At every crossroads toward the future, it’s been said, tradition will post 10,000 people to guard the past. For frustrated Californians that see the need for significant change in the education system, a major number of those guardians are found in California’s Democratic-controlled legislature and the California Teachers Association (CTA), which is the state’s largest political contributor. Unfortunately, the problems are not new. I wrote at length on the terrible effects of California’s teacher employment laws and practices back in 2005, attacking tenure, seniority, and the evaluation and compensation systems as damaging to students. The depth of dysfunction in California has been documented repeatedly, perhaps most thoroughly in the 2007 “Getting Down to Facts” report, issued by Stanford University’s Institute for Research on Education Policy and Practice.
One of the key conclusions of the report, based on 22 separate studies it commissioned, was this: Current teacher policies do not let state and local administrators make the best use of the pool of potential teachers nor adequately support current teachers.
Five years later and with virtually no changes to teacher employment, compensation, dismissal, or tenure laws or practices – and no hope of any legislation passing – California’s reformers are following in the steps of great civil rights movements and seeking relief from the courts. In October 2011, a group of families, with support from EdVoice, sued the Los Angeles Unified School District (LAUSD) to force compliance with a mostly ignored California law known as the Stull Act, which mandates among other things that teacher evaluations occur regularly and that they include student performance data.
Even the current LAUSD superintendent admitted in his deposition that “the current system doesn’t best serve adults or students” and does not focus on “the whole part of an education, and that is how students do.” Now the Democratic mayor, Antonio Villaraigosa, has jumped in on the side of the families, filing a friend-of-the court brief insisting on change and noting that LAUSD only evaluated 40 percent of tenured teachers and 70 percent of non-tenured teachers. Moreover, the district’s own task force found “only a tenuous link between evaluations and improved teaching and learning.”
Last month, my colleague at the American Center for School Choice, Steve Sugarman, analyzed the current Reed vs. State of California case that is, at least so far, defeating the “last in, first out” hiring practices that the CTA advocates and most school districts adopt. This policy leads to disproportionate firing of teachers in schools that serve poor neighborhoods and operate in difficult urban areas because the seniority policies of unions and districts place the newly hired teachers at these schools. Thus the trial court found the practice unconstitutionally deprives students of an equal education.
Just last week, lawyers filed on behalf of eight teenage students across the state a third attack on the teaching status quo that demonstrably damages kids.
A San Francisco Bay area nonprofit, Students Matter, is leading the effort, which names four school districts. It has received support from Democrats for Educational Reform, headed in California by another American Center colleague, Gloria Romero, along with Michele Rhee’s StudentsFirst and Parent Revolution.

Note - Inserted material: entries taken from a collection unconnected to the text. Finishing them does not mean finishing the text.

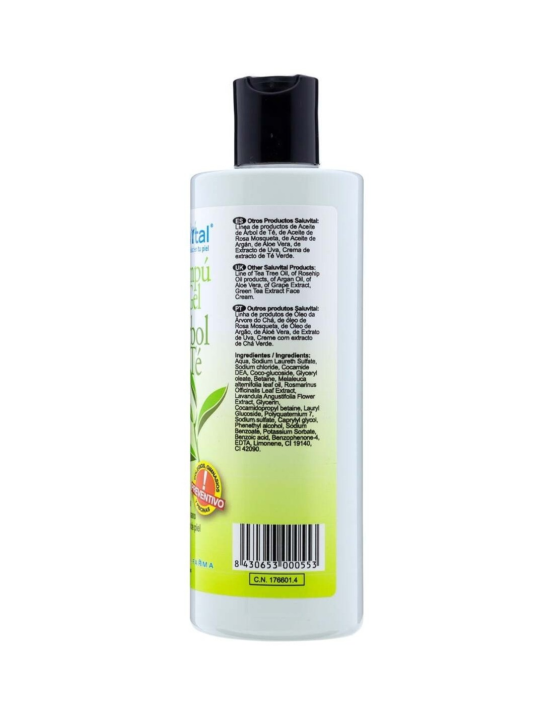 Saluvital champú & gel de árbol del té es un tratamiento para cabello y cuerpo rico en extractos 100% naturales y apto para todo tipo de pieles.
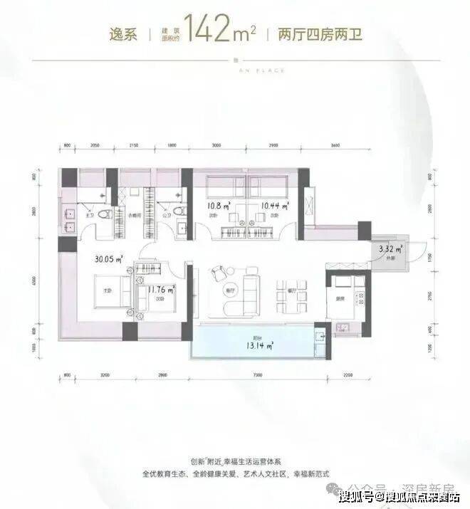 产品面积有118-140-160-258m² 的新规4房产品,得房率超过 90%,带精装交付,外立面采用全铝板+玻璃幕墙设计,可以说是坂田的改善天花板!
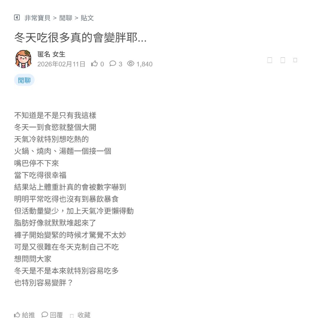 大家有沒有覺得今年冬天特別冷?還是只有我覺得? 明明已經穿了發熱衣+毛衣+大外套,還是凍到不想出門,每天都想躲在被窩裡當一條冬眠的蟲 前幾年冬天好像沒這麼誇張,雖然有時候會降到十度以下,但撐一下還是可以出門 今年不一樣,這波寒流超兇猛,冷起來懷疑人生,風一吹冷到屁屁剉 不懂為什麼女生還能短裙、小可愛+... 看更多
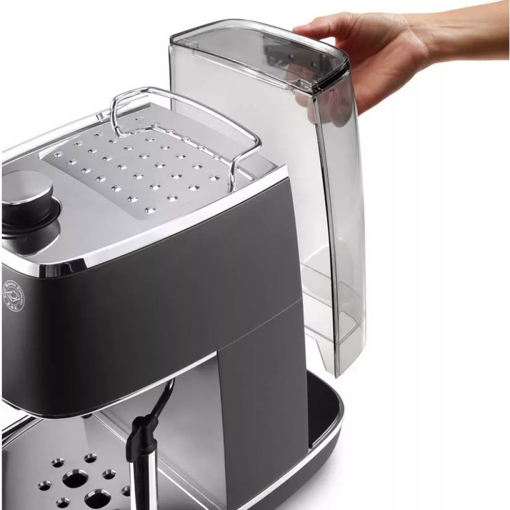 Кофеварка имеет прозрачный съемный контейнер для воды, который вмещает 1 литр. Верхняя панель кофеварки оснащена подогревом для чашек, благодаря чему вы сможете готовить кофе по всем правилам – в предварительно прогретую посуду. Световые индикаторы включения и выключения, съемный поддон для капель – все в данной кофеварке сделано для удобного и комфортного использования. В комплекте DeLonghi ECI 341 имеется темпер, который предназначен для утрамбовки кофе.
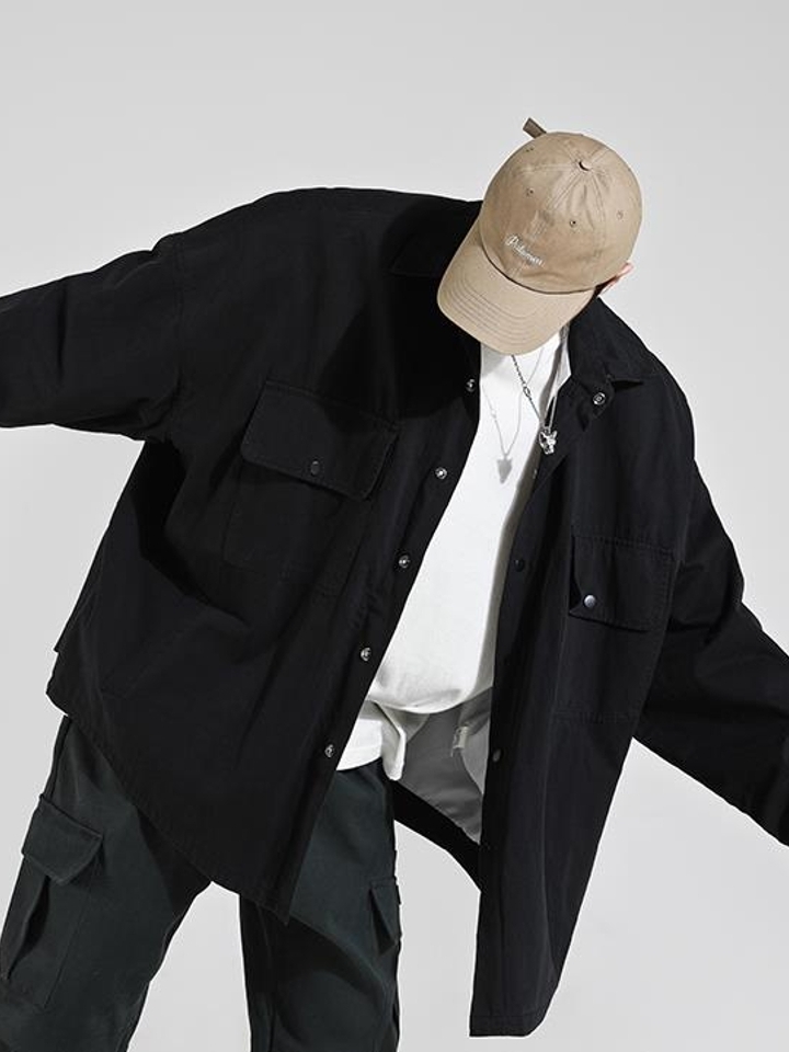 这款服装采用休闲宽松的版式设计,对身材有着很好的包容性,简单低调的纯色,构建清晰明了的视觉体验,带盖的口袋,丰富衣身细节,工装气息十足。
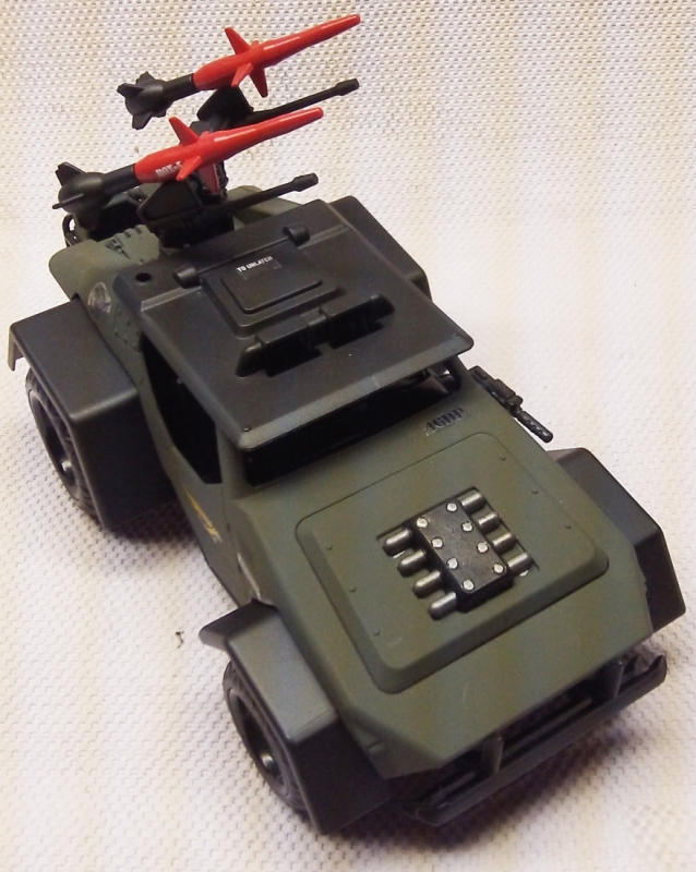 Used primarily for reconnaissance and quick strike missions, the Dire Wolf's main weapon is the dual radar tracking Surface-to-Air/Surface-to-Surface missiles. Supporting the weapons and controlled by the same radar tracking are two 20KW lasers. There is also a side mounted .30cal machinegun that can be fired by the driver.
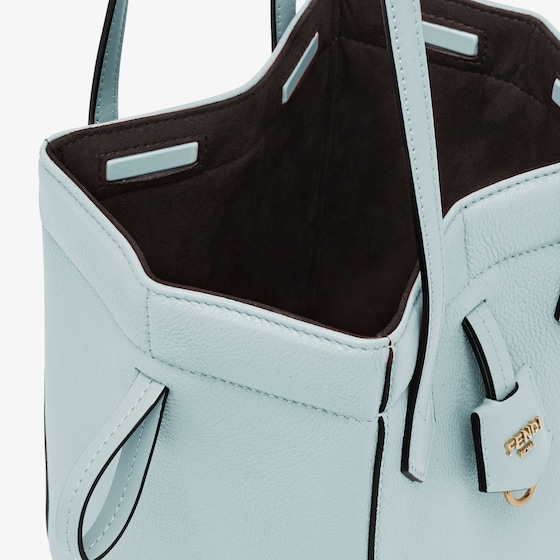 Mini Origami bag made of light blue full-grain leather. The style recalls the dual nature and creativity of Fendi with an innovative design that can be transformed:the ingenious closure with eight magnets means the bag can be folded, origami-style, transforming it from a bucket bag – when the magnets come together in the middle with a magic clasp – into a shopper by gently pulling the short shoulder straps on each side.
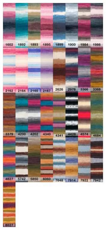 Ализе буркум батик. Классическая демисезонная пряжа длинно-секционного крашения. Мягкая, «нескрипучая», плотно скрученная эластичная нить , не деформируется после распускания. Петли ложатся ровно, полотно не «косит», нитка не перекручивается. Вещи приятны к коже, не колются, не линяют, не теряют своей формы, не образуют катышков. Эта пряжа за счет красивых цветовых переходов поможет создать неповторимые модели свитеров, жилетов, кардиганов, шарфов, шапок, аксессуаров, пледов и других изделий. Инструменты: спицы 4 – 6, крючок 2 - 4. Плотность вязания: 10 см. х 10 см. = 15 петель х 20 рядов. Готовое изделие надолго сохранит первоначальный внешний вид, устойчиво к моли, не выгорает на солнце, не растягивается, не дает усадку после стирки. Рекомендации по уходу: деликатная стирка при 30°С, не отжимать в стиральной машине, не отбеливать хлоросодержащими веществами. Глажение на минимальной температуре. Сушите на горизонтальной поверхности: предварительно придав изделию естественную форму.
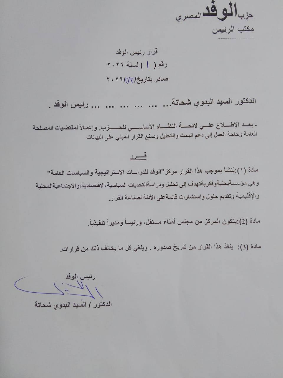 أصدر الدكتور السيد البدوى شحاته رئيس حزب الوفد قرارا حمل رقم ١ لسنة ٢٠٢٦ ،بإنشاء مركز الوفد للدراسات الإستراتيجية والسياسات العامه ،إعمالا لمقتضيات المصلحه العامه وحاجة العمل إلى دعم البحث والتحليل وصنع القرار المبنى على البيانات .
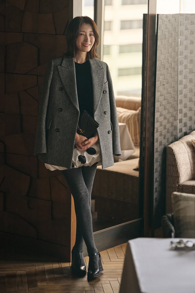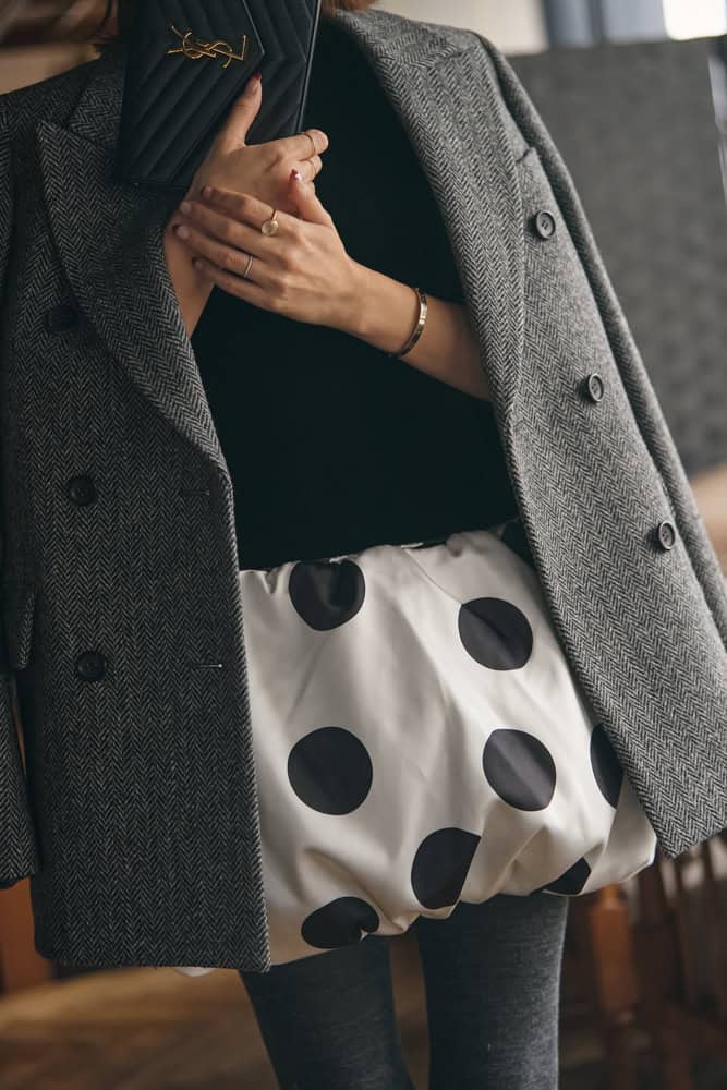 パーティーの日は、いつもと違うキャッチーなデザインを取り入れたい。ZARA&Disneyのバルーンスカートを着るとかっちりとしたニッシュなジャケットや色使いのコーデも非日常の仕上がりにシフトします。丸っぽさとクールさが両立したとびきりの華やぎスタイルです。
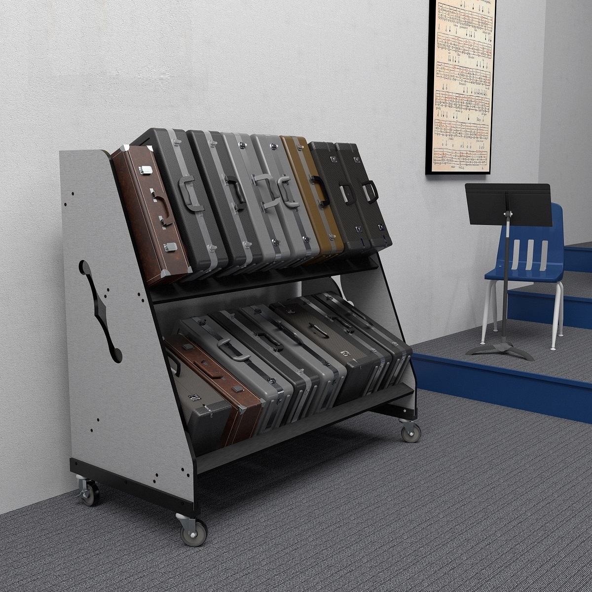 Constructed to endure the daily use of a bustling music classroom, the Band Room trumpet cart offers a robust and reliable storage option meant to last for years.✓ Mobile for Flexible Teaching
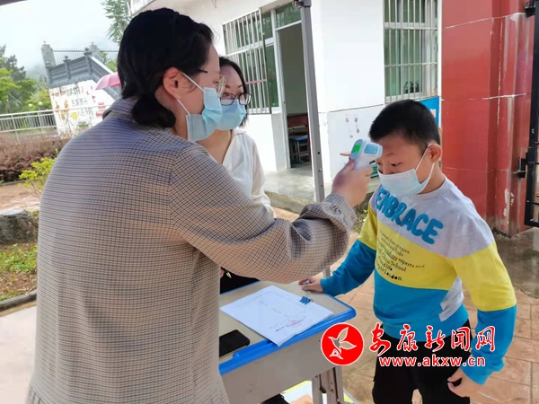 9月1日,在漢濱區(qū)流水鎮(zhèn)學坊埡小學校門口,一個個佩戴好口罩的小學生和幼兒園小朋友經(jīng)過消毒區(qū)、測溫區(qū)和實名登記進入校園,開始了新學期的第一天。(記者 毛明星)qxY安康新聞網(wǎng)
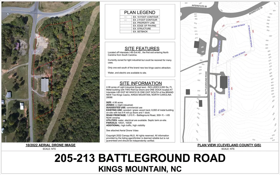205-213 BATTLEGROUND ROAD - 4.06 acres of Light Industrial Zoned land, However MANY uses available ; INCLUDES 6,000 Sq. Ft. Metal building with TWO Roll-Up Doors and ONE DOCK located AT Interstate I-85 EXIT #2 WHICH IS ONE EXIT SOUTH of the BRAND NEW Two Kings Casino, KINGS MOUNTAIN, NORTH CAROLINA 28086
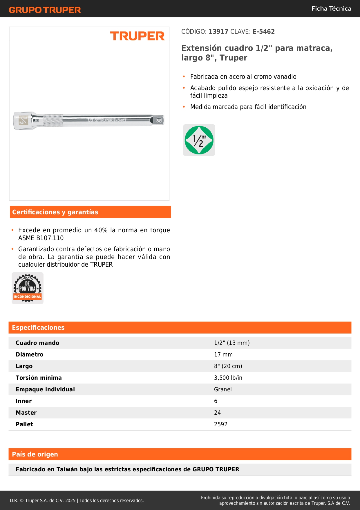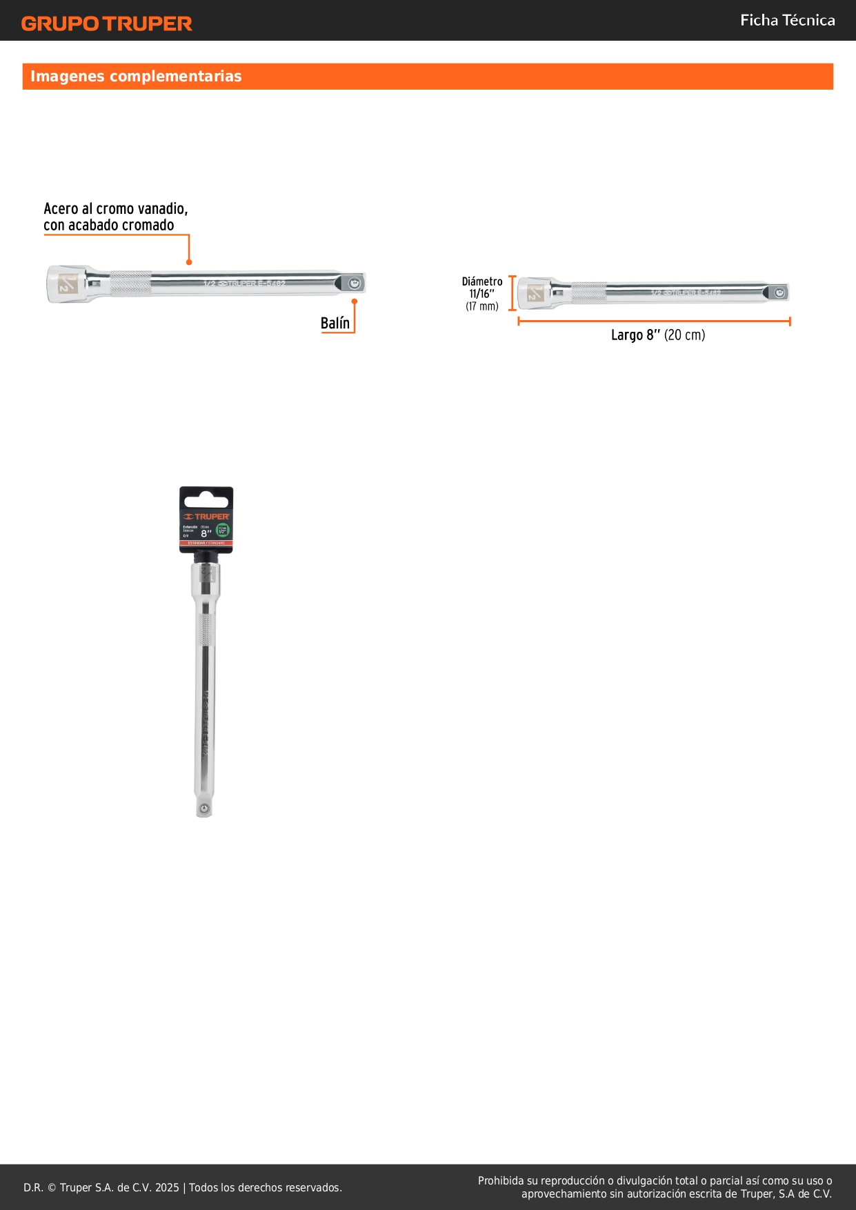 Extensión de 8'' para ratchet para dados encastre 1/2'' truper S/ 19.50 Agregar al carro Avísame cuando llegue -Fabricada en acero al cromo vanadio-Acabado pulido espejo resistente a la oxidación y de fácil limpieza-Medida marcada para fácil identificación
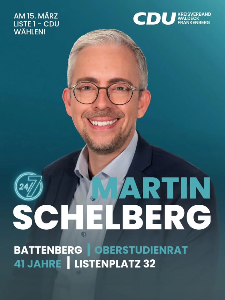 Ich bin Martin Schelberg, 41 Jahre, aus Battenberg (Eder) und beruflich Oberstudienrat. Ich kandidiere auf Listenplatz 32 für die CDU Waldeck-Frankenberg für den Kreistag. Ich freue mich auf einen engagierten Wahlkampf. Am 15. März: Liste 1 ? CDU wählen.
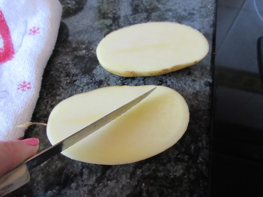 Lavamos las papas a conciencia, la comeremos con la piel, hacemos unos cortes y salpimentamos.

The suit seeks to overturn five laws that essentially prevent quality teaching, which when it occurs, disproportionately and adversely affects minority and poor communities. The suit contends that California’s tenure law, which grants lifetime protections after only 18 months of in-classroom experience, is an inadequate time frame for determining long-term employment.
It also targets the 10-step dismissal process that costs hundreds of thousands of dollars to pursue and results in only rare teacher firings. Last year, LAUSD paid a teacher arrested for lewd acts with students $40,000 to resign. I doubt you could find a teacher fired in California in the last 20 years because students didn’t learn anything in class. As a California school board member, I have regularly signed off on low-six-figure settlements to obtain teacher resignations for unethical actions rather than risk high-six-figure costs and perhaps having to take them back in to our classrooms. It’s nauseating, but it’s the reality of this process in California. Lastly, the suit seeks to overturn more broadly than Reed the “last-in-first-out” legal provisions for teacher layoffs.
Will this all lead to a kind of mini Brown vs. Board of Education revolutionary decision that will eventually change the California education landscape for the better? Hard to tell.
The education establishment, California School Boards Association and the Association of California School Administrators, sued the state in 2010 (Robles-Wong vs. State of California) asserting that California had unconstitutionally failed to fund education. The court said education had no constitutional right to a certain level of funding.
Do California students have a constitutional right to processes that greatly improve the chance they will have effective and competent teachers? When the status quo politics and special interests of the day have stymied progress, the courts have often been the last hope for civil rights, whether they be for racial, gender or sexual orientation equality.
Let’s hope California children find refuge there also.